Supplied material:
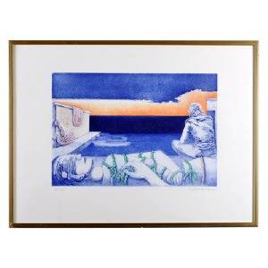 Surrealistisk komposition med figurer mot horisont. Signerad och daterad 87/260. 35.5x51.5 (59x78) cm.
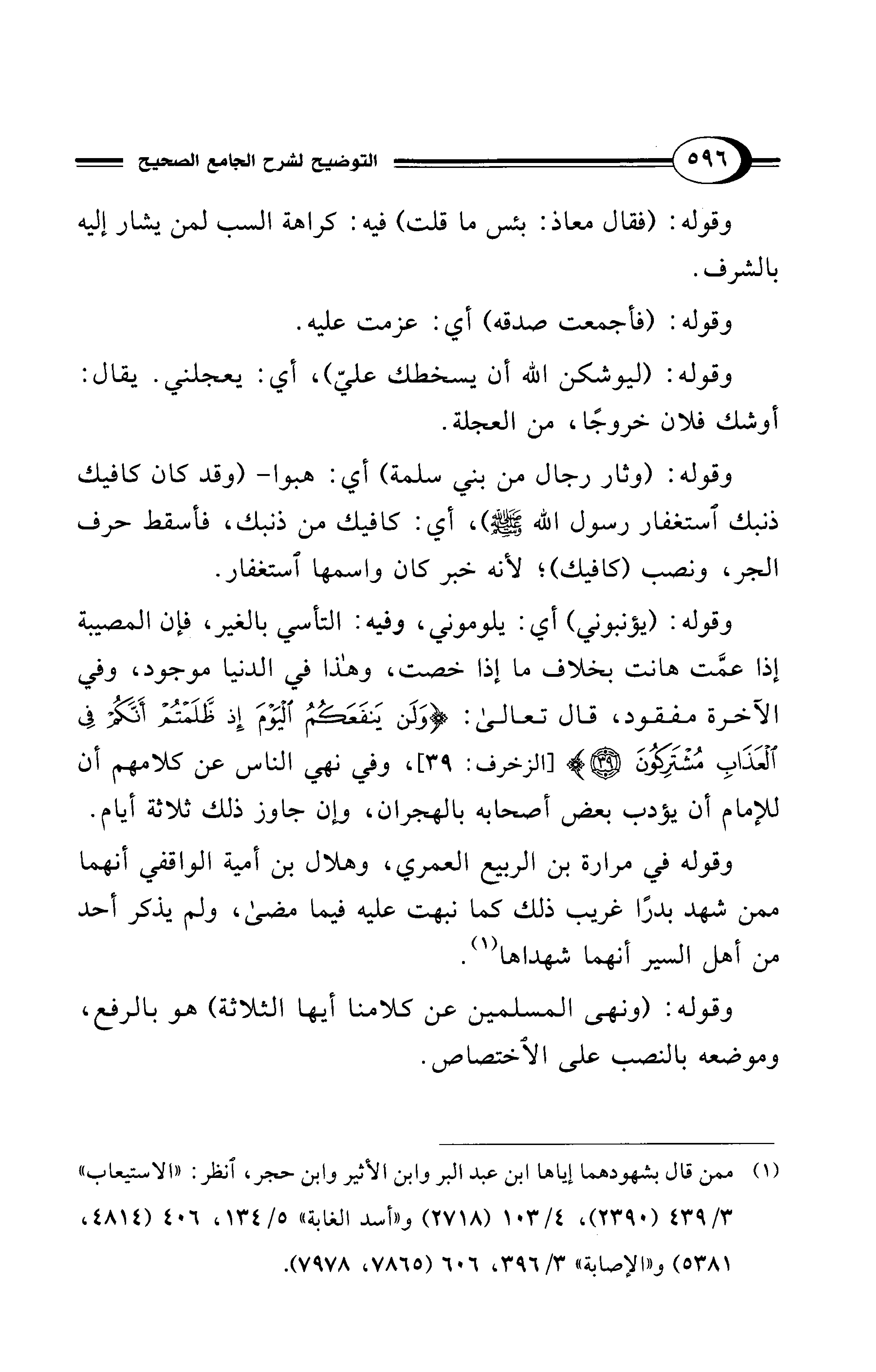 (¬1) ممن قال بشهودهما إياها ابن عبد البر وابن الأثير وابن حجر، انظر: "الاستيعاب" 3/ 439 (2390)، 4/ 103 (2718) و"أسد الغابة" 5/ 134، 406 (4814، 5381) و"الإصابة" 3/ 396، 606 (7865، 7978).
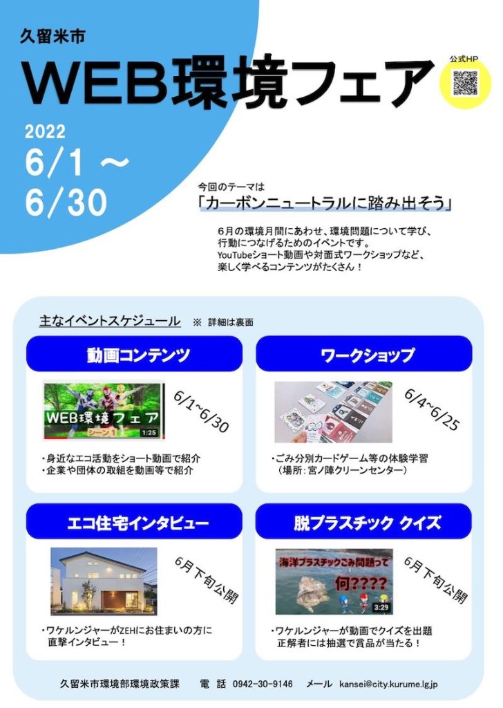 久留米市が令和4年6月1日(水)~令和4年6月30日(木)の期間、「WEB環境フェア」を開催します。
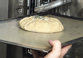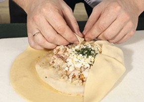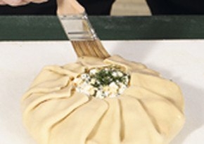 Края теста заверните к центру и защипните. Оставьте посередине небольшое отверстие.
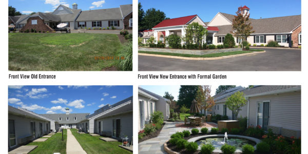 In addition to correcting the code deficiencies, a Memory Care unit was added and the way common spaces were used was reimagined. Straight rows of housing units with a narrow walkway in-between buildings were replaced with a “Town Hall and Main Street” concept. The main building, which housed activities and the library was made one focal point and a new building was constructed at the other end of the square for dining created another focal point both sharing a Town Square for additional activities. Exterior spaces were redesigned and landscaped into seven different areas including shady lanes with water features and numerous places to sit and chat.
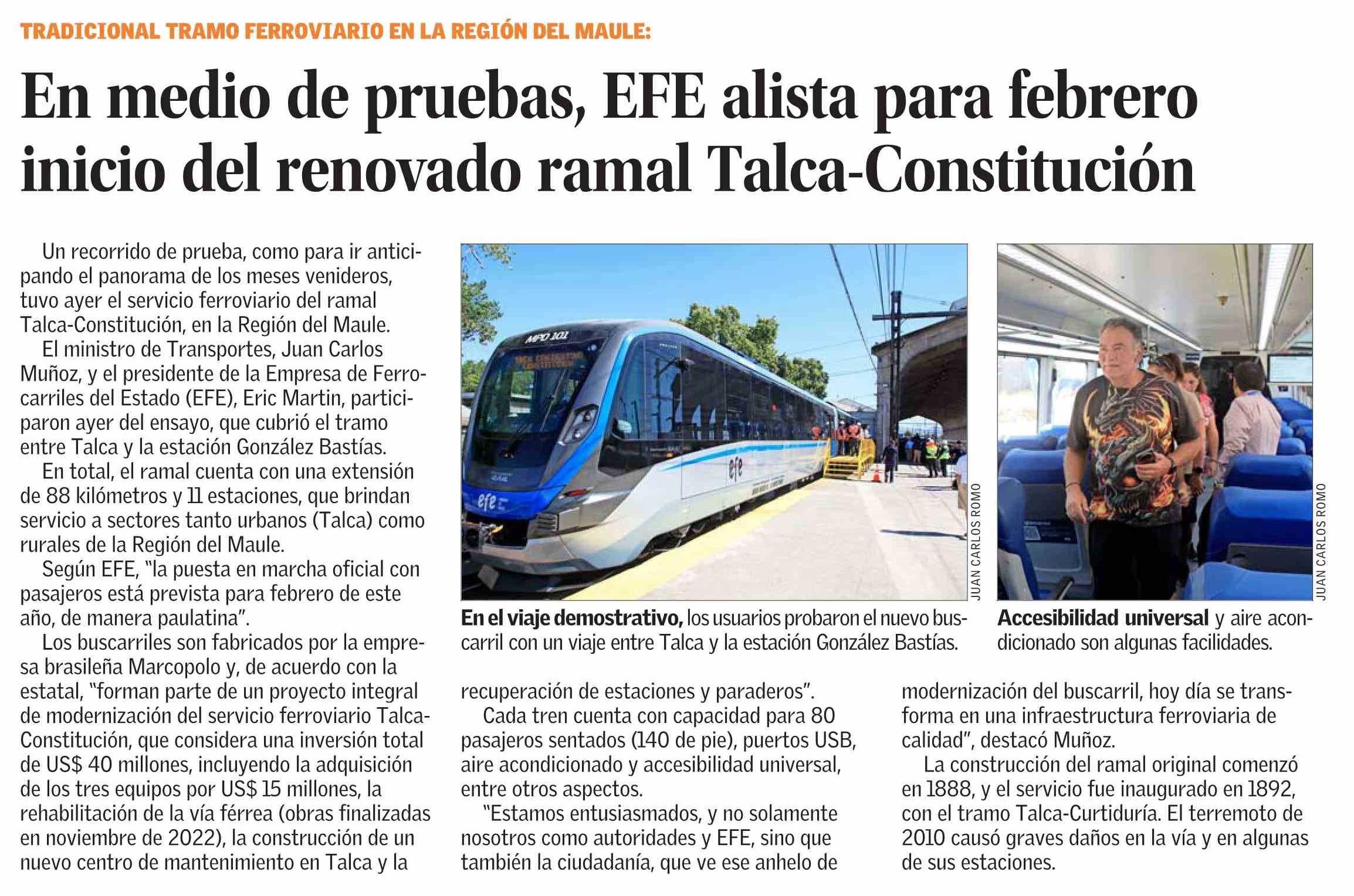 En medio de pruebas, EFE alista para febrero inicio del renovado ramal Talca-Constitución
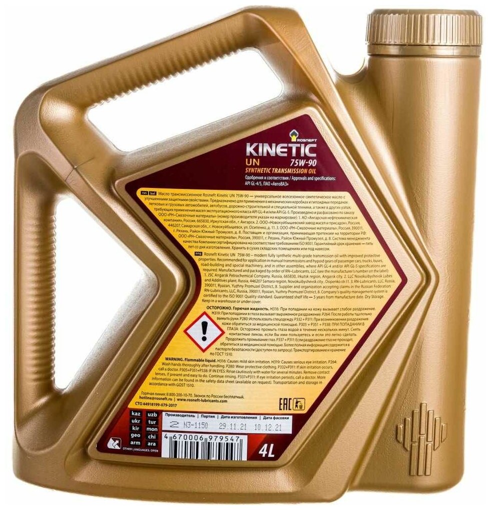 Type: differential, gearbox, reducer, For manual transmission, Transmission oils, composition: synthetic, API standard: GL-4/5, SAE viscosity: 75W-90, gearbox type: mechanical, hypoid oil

==

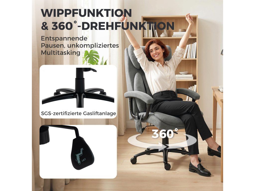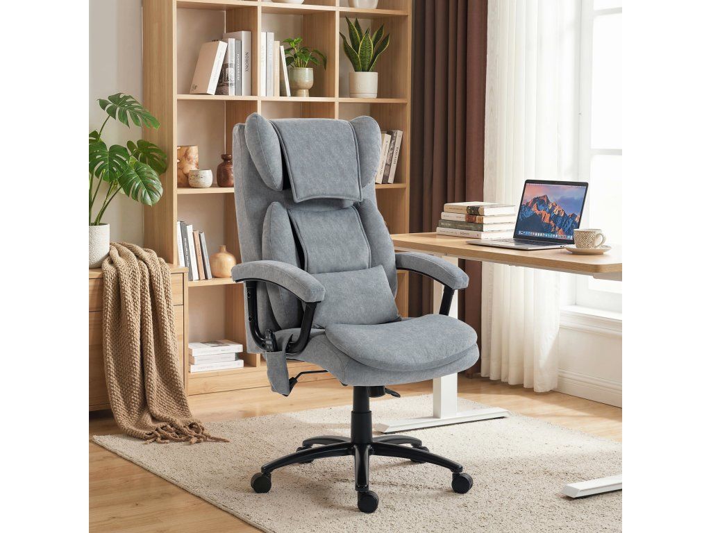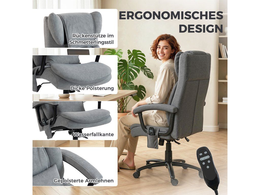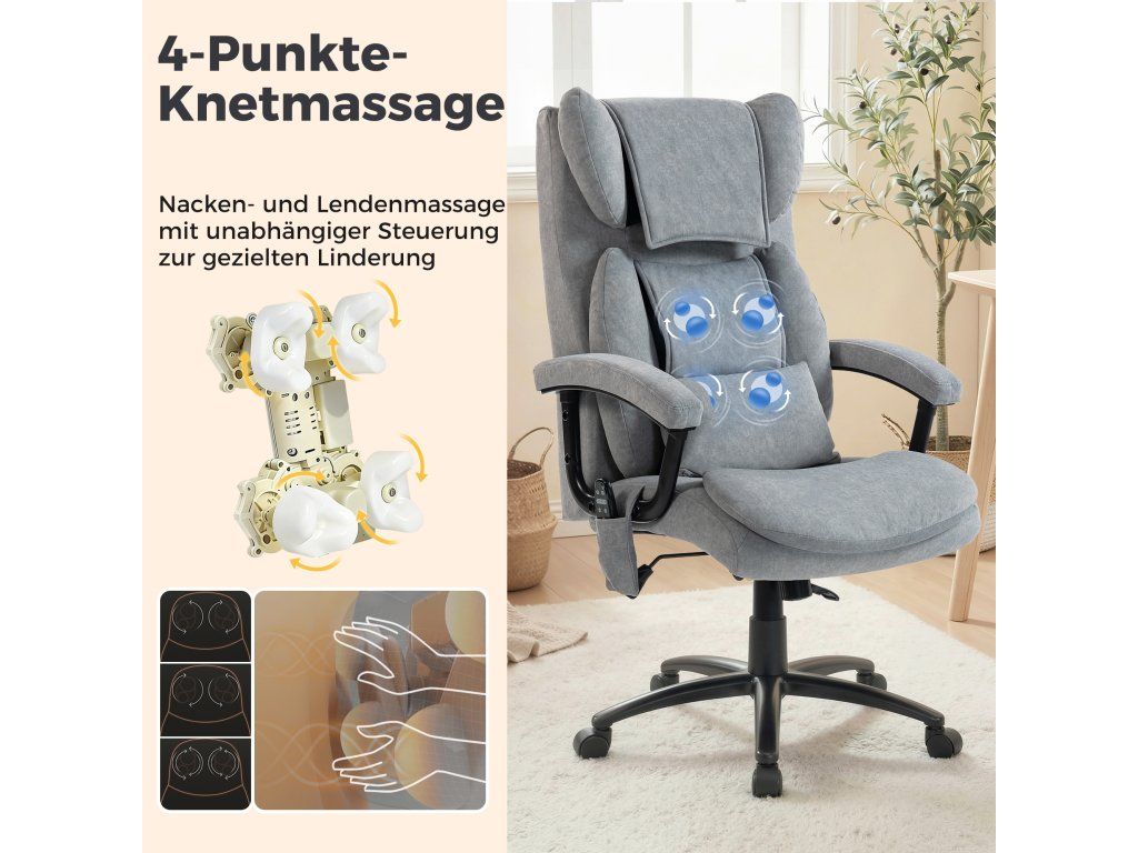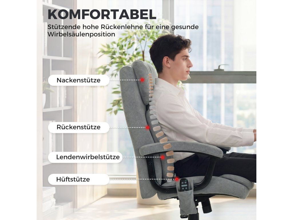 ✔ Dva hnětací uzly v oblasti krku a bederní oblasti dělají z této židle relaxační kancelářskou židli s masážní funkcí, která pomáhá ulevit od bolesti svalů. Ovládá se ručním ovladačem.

* * *

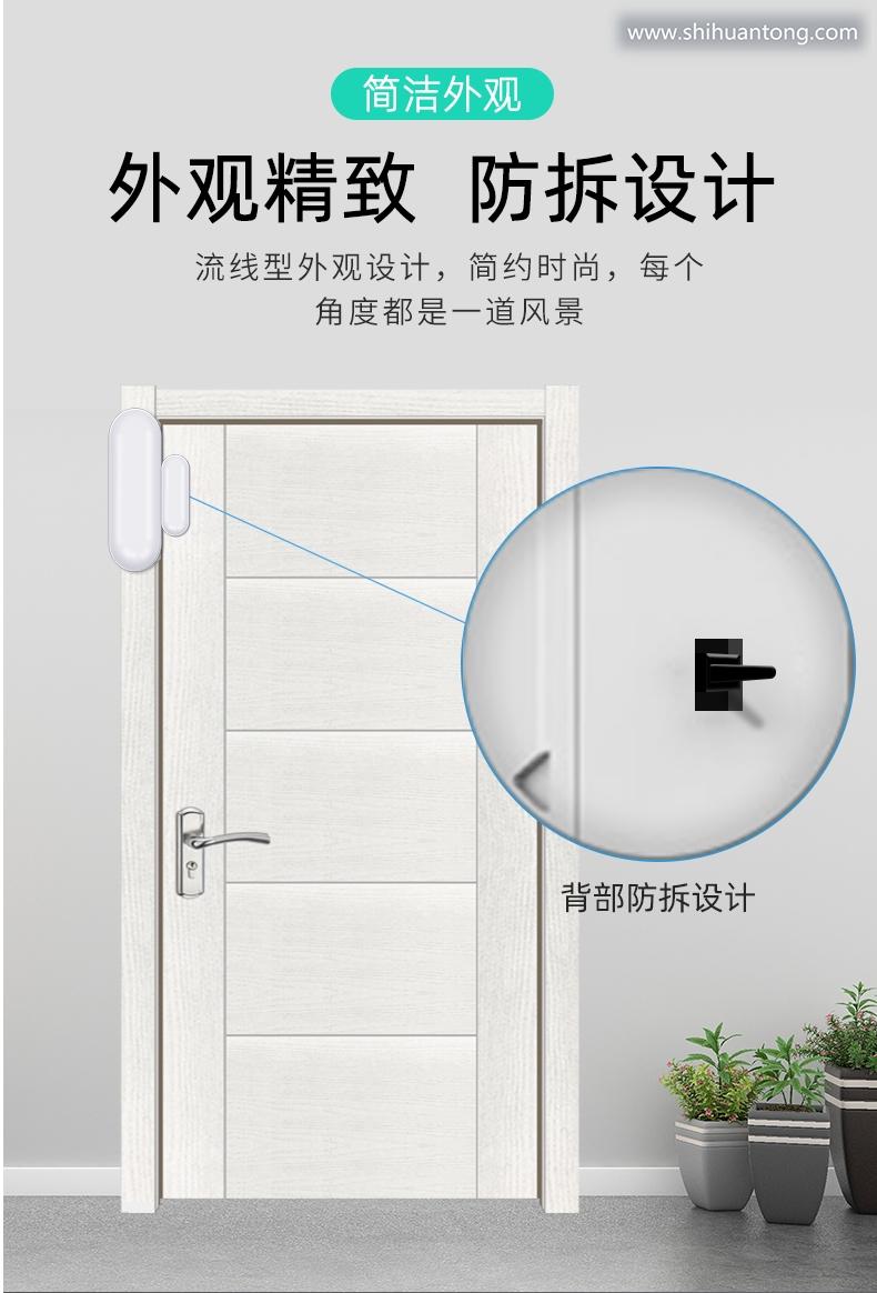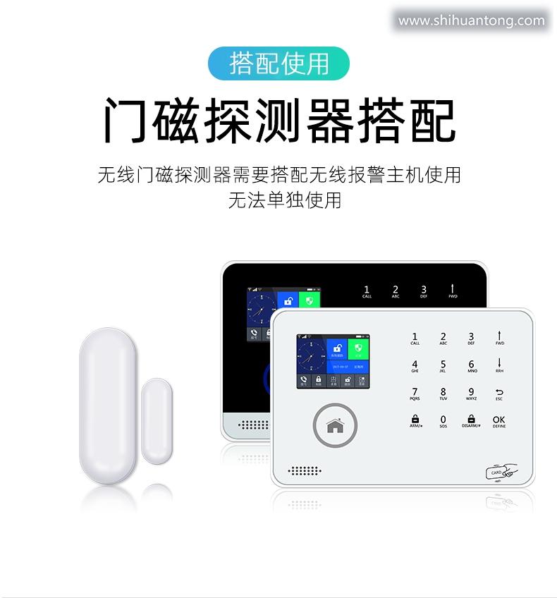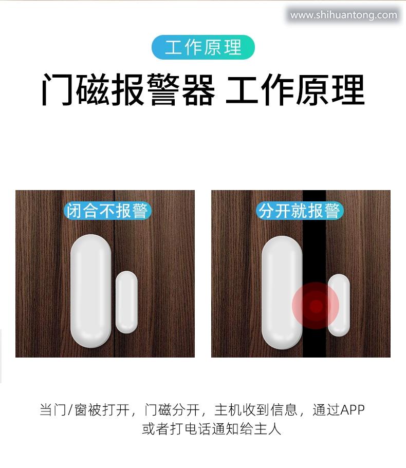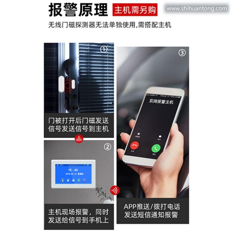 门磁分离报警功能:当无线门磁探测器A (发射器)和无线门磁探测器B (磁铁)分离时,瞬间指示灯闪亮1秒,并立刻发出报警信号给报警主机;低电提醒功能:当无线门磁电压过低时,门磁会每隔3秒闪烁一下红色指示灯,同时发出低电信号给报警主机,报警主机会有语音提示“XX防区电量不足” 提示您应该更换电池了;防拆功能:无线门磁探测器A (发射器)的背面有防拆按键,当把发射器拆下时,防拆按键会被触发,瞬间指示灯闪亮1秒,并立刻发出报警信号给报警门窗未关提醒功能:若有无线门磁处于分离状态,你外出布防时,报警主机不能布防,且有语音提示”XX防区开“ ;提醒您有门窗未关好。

What the task requires: Please copy the lines above exactly, starting at the line that holds "En medio de" and ending at the line that holds "Type: differential, gearbox, reducer, For"; include both, but no pictures.

Result of this exercise:
 En medio de pruebas, EFE alista para febrero inicio del renovado ramal Talca-Constitución
 Type: differential, gearbox, reducer, For manual transmission, Transmission oils, composition: synthetic, API standard: GL-4/5, SAE viscosity: 75W-90, gearbox type: mechanical, hypoid oil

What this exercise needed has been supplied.